_Brief_
For the data below, retype word for word the lines from the one containing "題贈,13字對聯對聯:今冬如春江山吐秀 生財有道棟宇增輝" through the one containing "MASCAGNI CASA - Angelo"; drop the pictures.
═════ Records to process ═════
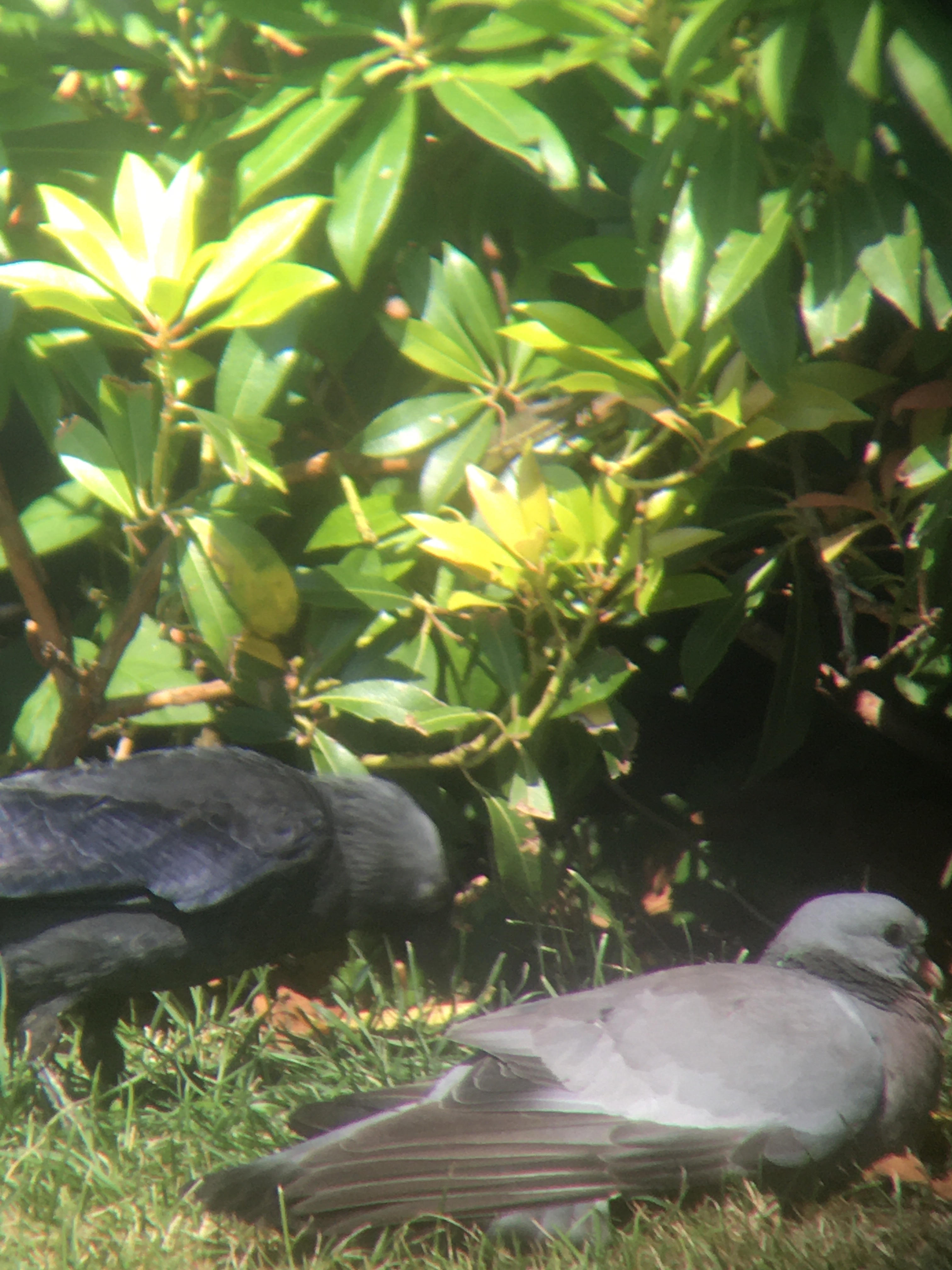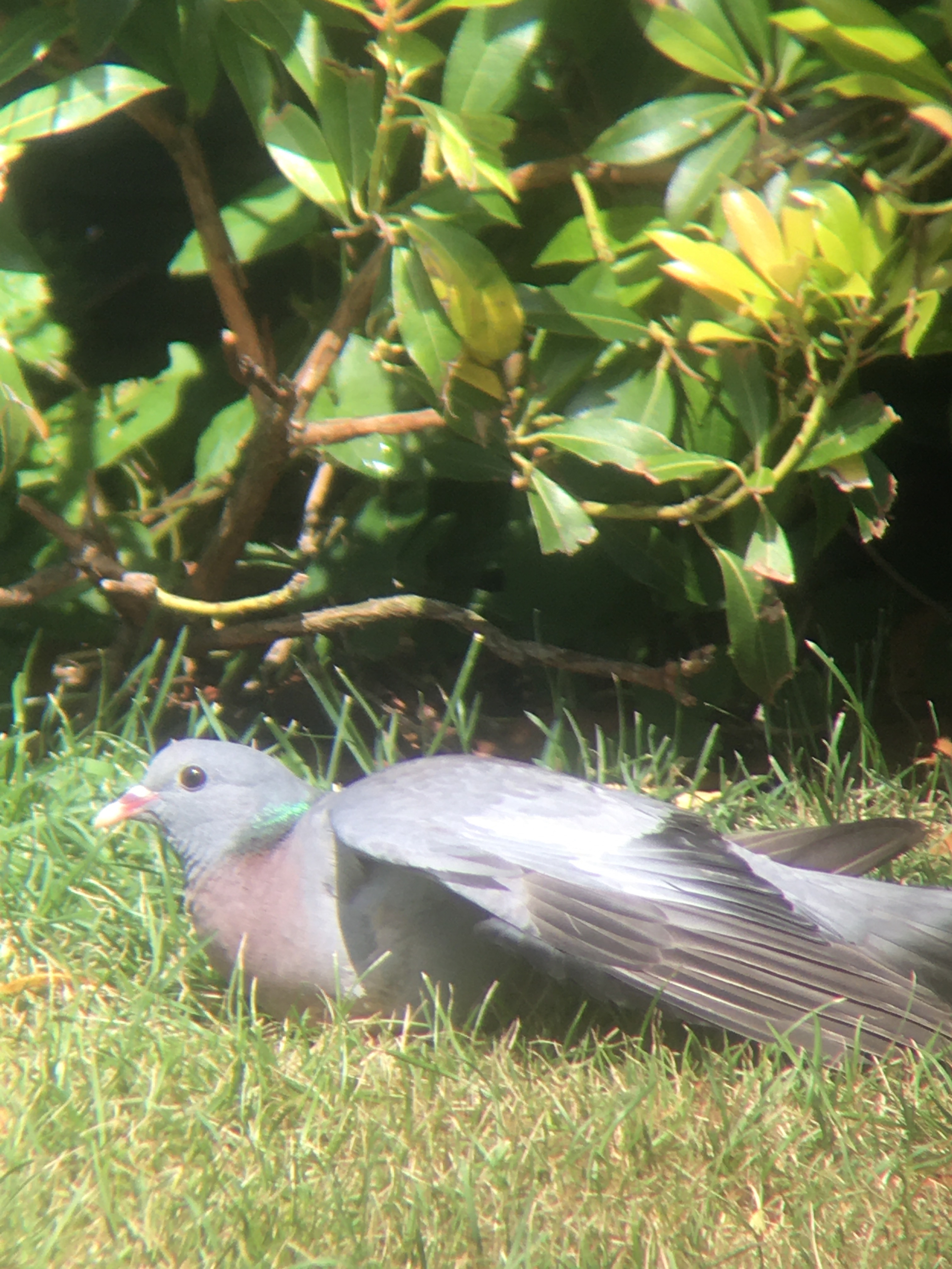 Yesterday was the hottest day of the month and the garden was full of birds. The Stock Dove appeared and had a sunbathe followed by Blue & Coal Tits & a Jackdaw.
═════
═════ Records to process ═════
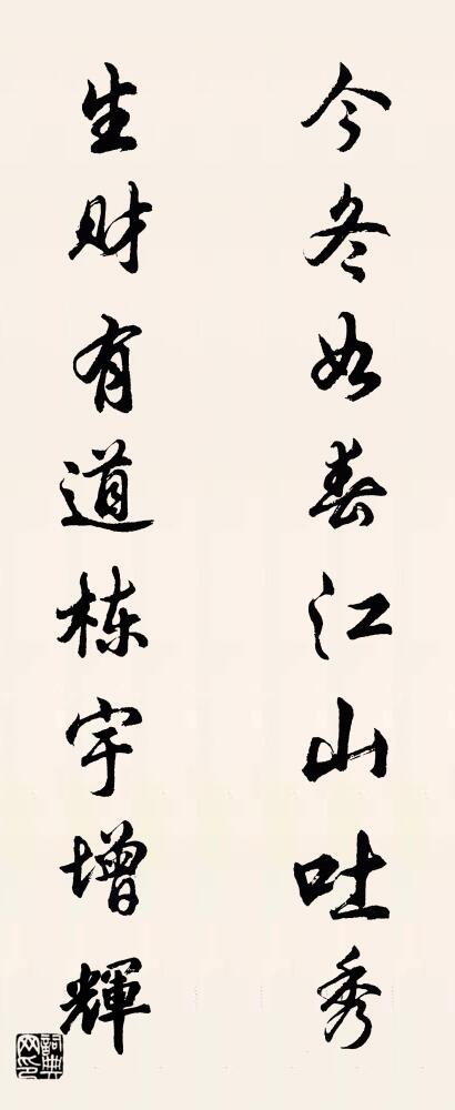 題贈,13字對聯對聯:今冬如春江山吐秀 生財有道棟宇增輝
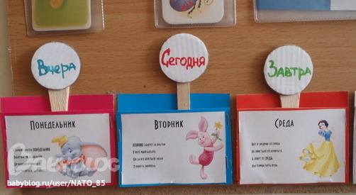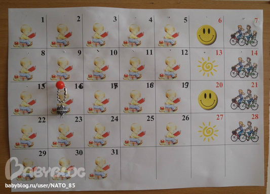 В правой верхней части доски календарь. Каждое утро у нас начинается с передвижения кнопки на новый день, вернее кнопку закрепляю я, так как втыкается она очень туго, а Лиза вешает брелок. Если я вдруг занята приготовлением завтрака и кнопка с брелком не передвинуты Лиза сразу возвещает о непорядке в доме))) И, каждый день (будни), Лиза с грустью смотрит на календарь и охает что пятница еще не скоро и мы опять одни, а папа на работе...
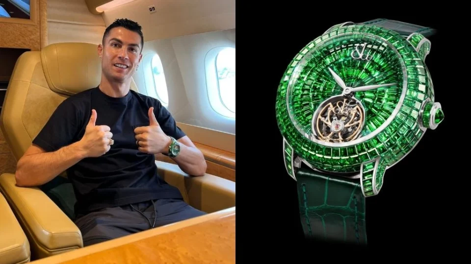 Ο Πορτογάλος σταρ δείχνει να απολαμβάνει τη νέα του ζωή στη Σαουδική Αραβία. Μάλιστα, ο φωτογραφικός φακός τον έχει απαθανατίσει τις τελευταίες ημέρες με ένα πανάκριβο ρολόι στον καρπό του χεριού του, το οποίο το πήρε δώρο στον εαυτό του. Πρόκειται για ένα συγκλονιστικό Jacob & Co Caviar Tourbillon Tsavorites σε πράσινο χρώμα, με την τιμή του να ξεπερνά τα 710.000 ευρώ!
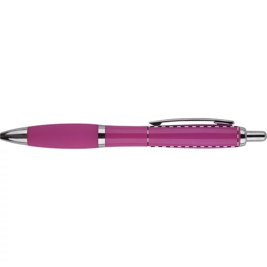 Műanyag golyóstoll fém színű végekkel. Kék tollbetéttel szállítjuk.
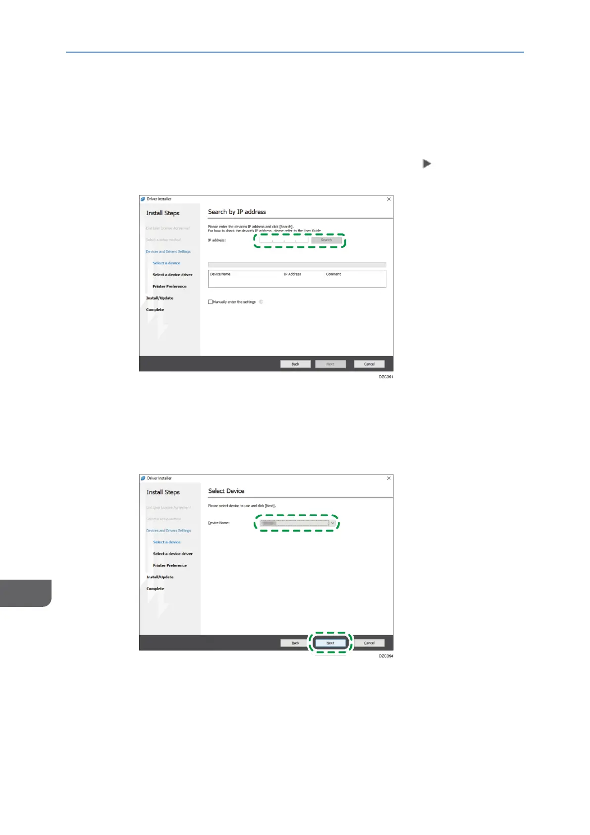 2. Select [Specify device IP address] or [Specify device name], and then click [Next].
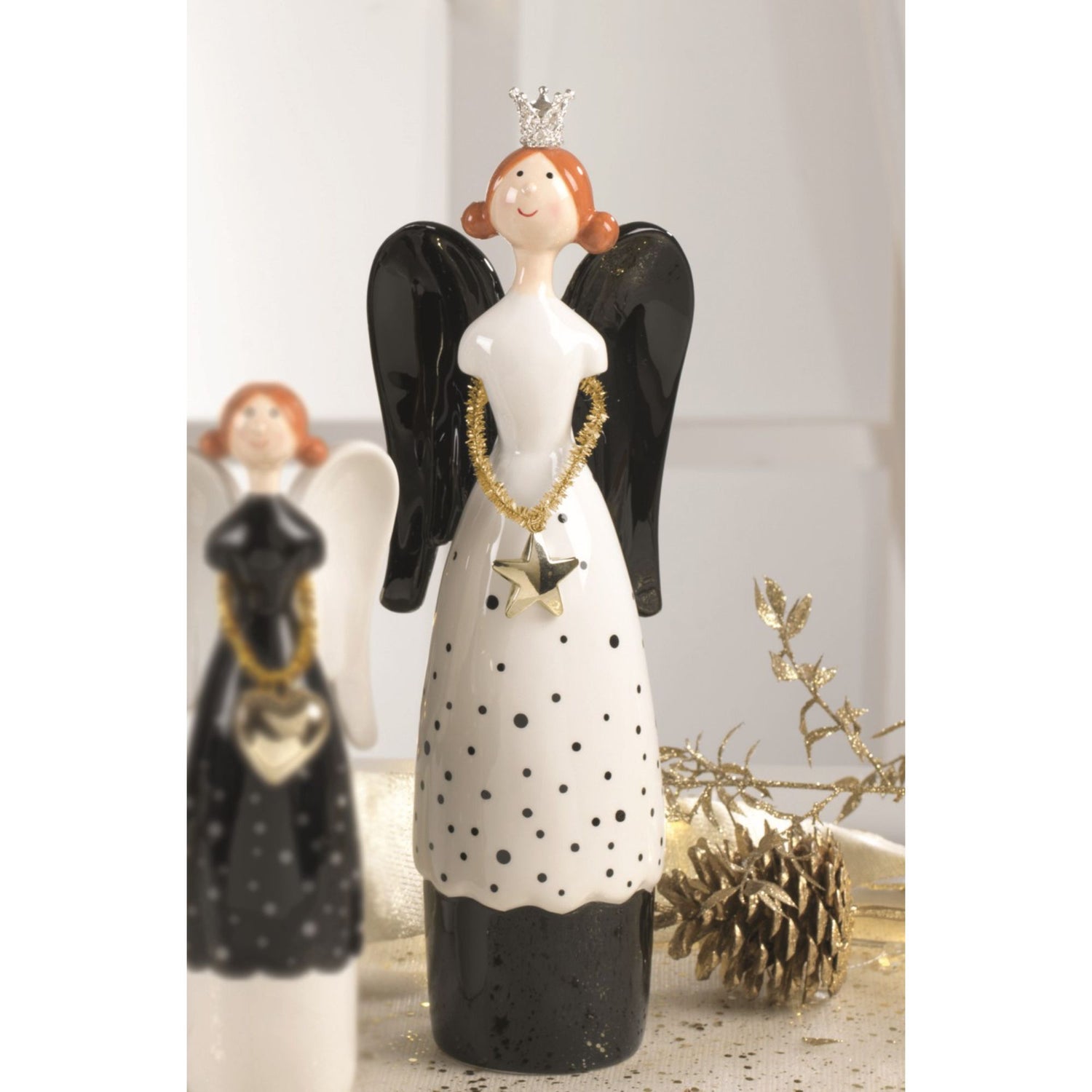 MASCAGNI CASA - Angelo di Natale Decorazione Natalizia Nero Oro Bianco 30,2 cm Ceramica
═════
_Task solution_
 題贈,13字對聯對聯:今冬如春江山吐秀 生財有道棟宇增輝
 В правой верхней части доски календарь. Каждое утро у нас начинается с передвижения кнопки на новый день, вернее кнопку закрепляю я, так как втыкается она очень туго, а Лиза вешает брелок. Если я вдруг занята приготовлением завтрака и кнопка с брелком не передвинуты Лиза сразу возвещает о непорядке в доме))) И, каждый день (будни), Лиза с грустью смотрит на календарь и охает что пятница еще не скоро и мы опять одни, а папа на работе...
 Ο Πορτογάλος σταρ δείχνει να απολαμβάνει τη νέα του ζωή στη Σαουδική Αραβία. Μάλιστα, ο φωτογραφικός φακός τον έχει απαθανατίσει τις τελευταίες ημέρες με ένα πανάκριβο ρολόι στον καρπό του χεριού του, το οποίο το πήρε δώρο στον εαυτό του. Πρόκειται για ένα συγκλονιστικό Jacob & Co Caviar Tourbillon Tsavorites σε πράσινο χρώμα, με την τιμή του να ξεπερνά τα 710.000 ευρώ!
 Műanyag golyóstoll fém színű végekkel. Kék tollbetéttel szállítjuk.
 2. Select [Specify device IP address] or [Specify device name], and then click [Next].
 MASCAGNI CASA - Angelo di Natale Decorazione Natalizia Nero Oro Bianco 30,2 cm Ceramica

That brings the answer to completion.